Необыкновенные москвичи
Шрифт:
— А ты как считаешь, почему люди бывают злы и подлы? — спросила любопытно Даша.
— По многим, наверно, причинам... Может быть, потому, что они несчастны. Не всегда, конечно, поэтому, но довольно часто — несчастны, уязвлены. И они мстят.
— Мстят? — словно бы подивилась она.
— Да, вот так — мстят.
— За свои неудачи?..
— Даже за свои недостатки — за низенький рост, за нос пуговкой, за подслеповатые глаза — мало ли за что. За свою трусость, — ответил Глеб.
— Ну, знаешь! Что ты хочешь доказать? — Даша сияла, ей становилось все интереснее и радостнее. — Вспомни Чехова, его письмо к брату. Вспомни, что он писал: «Надо по капле выдавливать из себя раба».
Глеб кивнул.
— Можно мне закурить? — попросил
— Подожди, доешь блинчики, — сказала Даша.
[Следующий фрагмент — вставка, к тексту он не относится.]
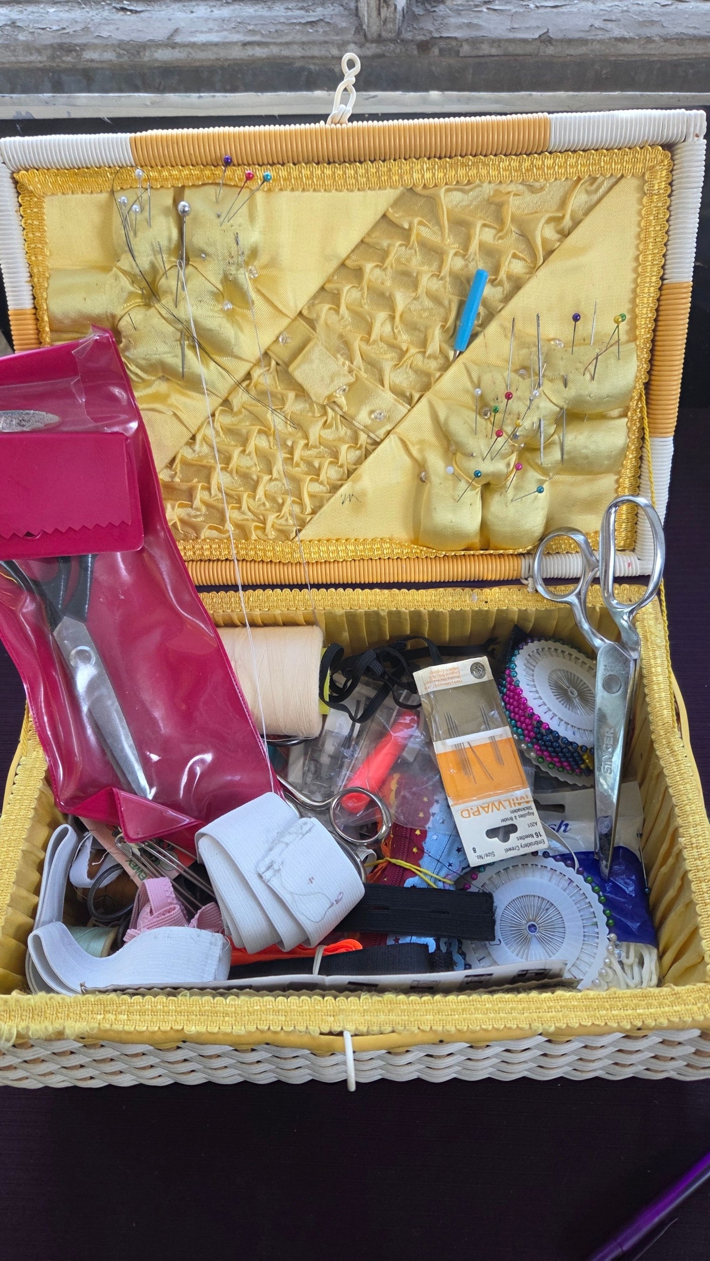 Mid Century Sewing Basket and Contents

— Я наелся у тебя на целую неделю, — воскликнул он. — Могу теперь целую неделю питаться одними воспоминаниями о твоем обеде.
— Так и быть, кури. — Даша засмеялась. — Если хочешь, можешь приходить к нам обедать каждый день. А сейчас будем есть мороженое.
Составив тарелки на поднос, она понесла их на кухню. Глеб помял сигарету, закурил и огляделся.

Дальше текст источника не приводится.